■ What is being asked
Below are entries. Copy exactly the lines running from the line that holds "Figure 5. North-eastern" to the line that holds "ലോക് ഡൗൺ നാളെ", with both ends included.

■ Record extracts

§

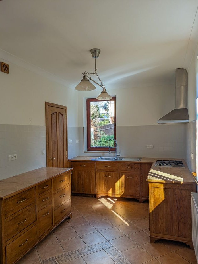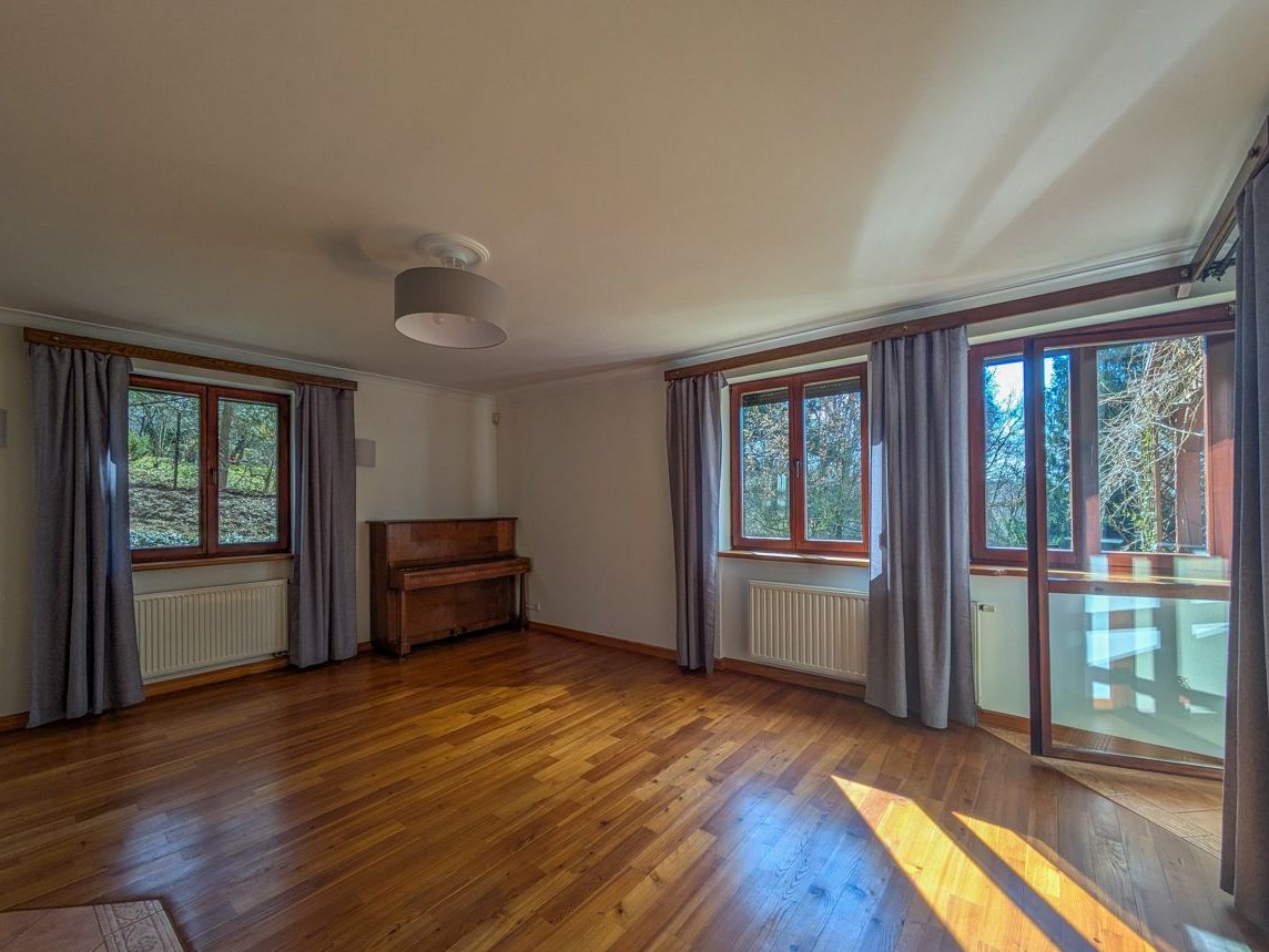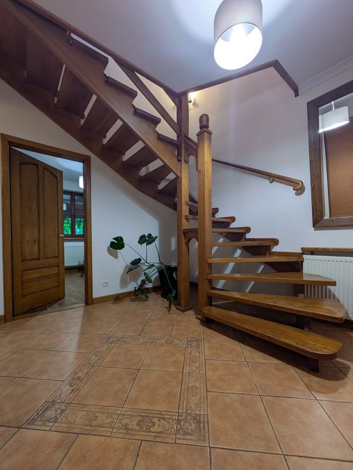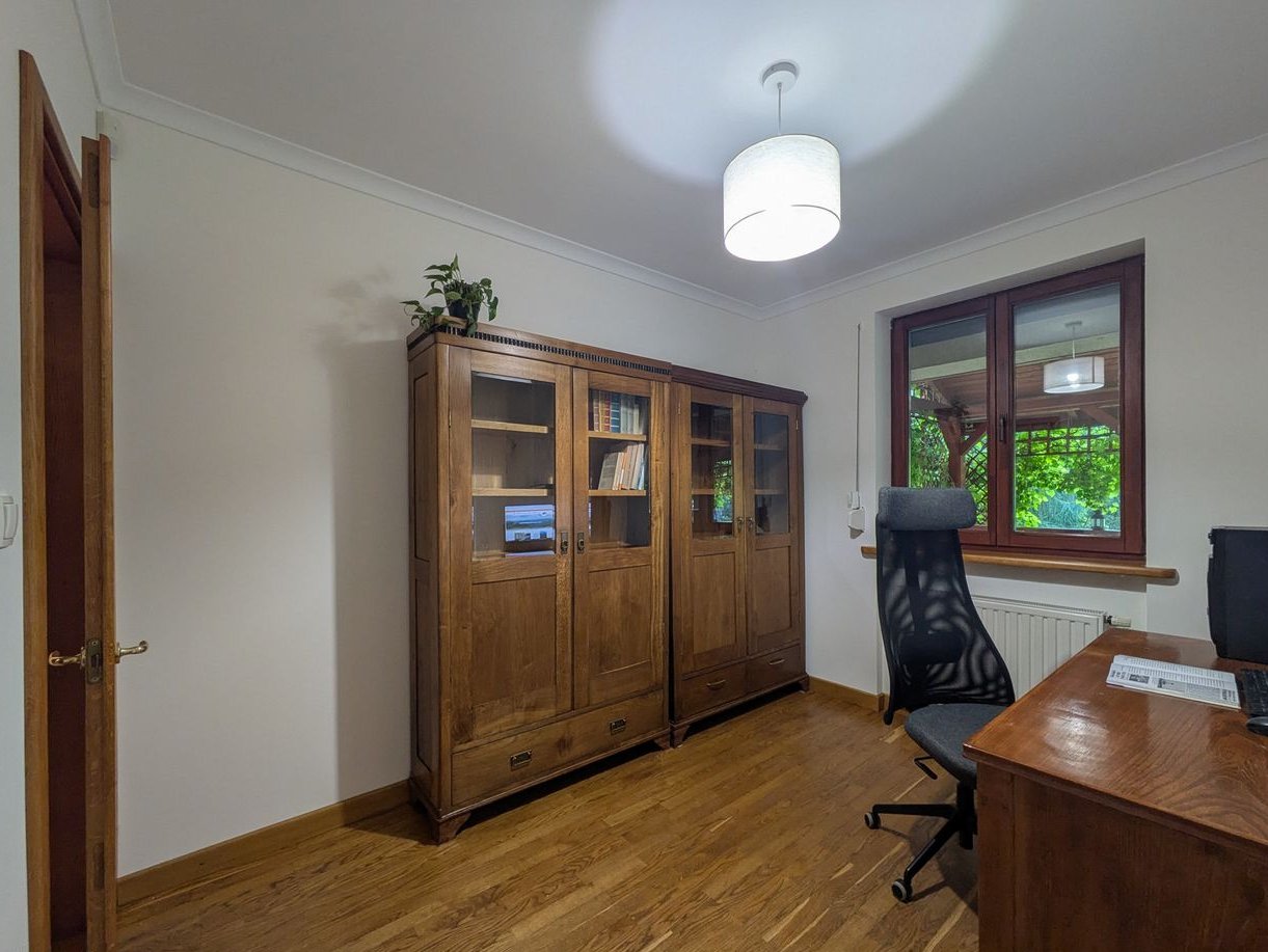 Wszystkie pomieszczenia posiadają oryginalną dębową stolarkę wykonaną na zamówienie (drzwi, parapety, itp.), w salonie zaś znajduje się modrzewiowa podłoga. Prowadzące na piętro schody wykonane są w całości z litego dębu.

§

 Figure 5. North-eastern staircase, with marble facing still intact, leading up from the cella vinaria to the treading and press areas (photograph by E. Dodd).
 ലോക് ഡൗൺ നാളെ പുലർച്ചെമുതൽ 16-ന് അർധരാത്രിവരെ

§

■ Answer space
 Figure 5. North-eastern staircase, with marble facing still intact, leading up from the cella vinaria to the treading and press areas (photograph by E. Dodd).
 ലോക് ഡൗൺ നാളെ പുലർച്ചെമുതൽ 16-ന് അർധരാത്രിവരെ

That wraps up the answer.